Several authors highlight the usefulness of repurposing and/or repositioning molecular targets and chemotypes for new therapeutic uses. At the target level, the article by Kip Guy and colleagues present data on the potential development of human histone deacetylase inhibitors (HDACi) with appropriate specificity and potency against Trypanosoma brucei brucei, the causative agent of Human African trypanosomiasis. At the chemotype level, the groups of Diego Muñoz Torrero and Biot respectively utilize compounds and clinical candidates based on the 4-aminoquinoline template against Trypanosoma brucei spp while Jennifer Keiser and colleagues utilize compounds containing a peroxide warhead found in the antimalarial drug artemisinin against Schistosoma mansoni.
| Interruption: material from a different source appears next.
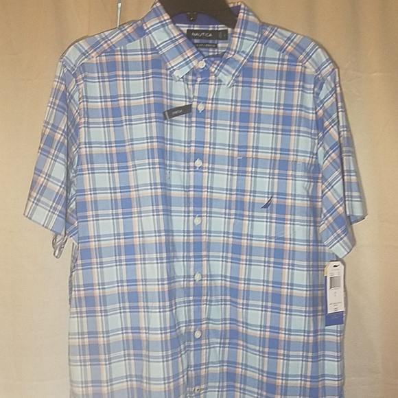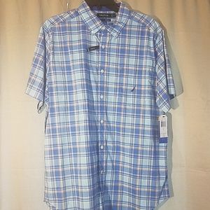 Nautica Button up Shirt. Excellent Condition size L . Plaid blue

Articles by Karl Werbovetz and colleagues on antileishmanial quinazolines as well as Vipan Kumar and colleagues on anti-Trichomonas vaginalis isatins provide additional examples of chemotypes that are being repositioned. The penultimate article by Timothy Egan and colleagues ably demonstrates how HTS and structure-activity relationship data can be mined and combined with Bayesian statistics to derive optimized activity models for predicting beta-haematin target inhibition and whole cell antiplasmodial activities. This transitions nicely into the last manuscript by John Overington and colleagues where attention is focused on a computational analysis of the relationship between target-class and physicochemical properties of antibacterial drugs. This analysis by Overington and colleagues provides a reality check on the widely held view that the poor success rate for antibacterials from screening approaches is due to the chemical space properties of screening collections. I sincerely hope that this special issue will contribute to attracting researchers to the field of drug discovery against tropical infectious diseases. Finally I would like to thank Prof Herbert Waldmann for inviting me to be the Guest Editor for this SIP.
Kelly Chibale Department of Chemistry and Institute of Infectious Disease and Molecular Medicine, University of Cape Town, Rondebosch 7701, South Africa; E-mail: [email protected].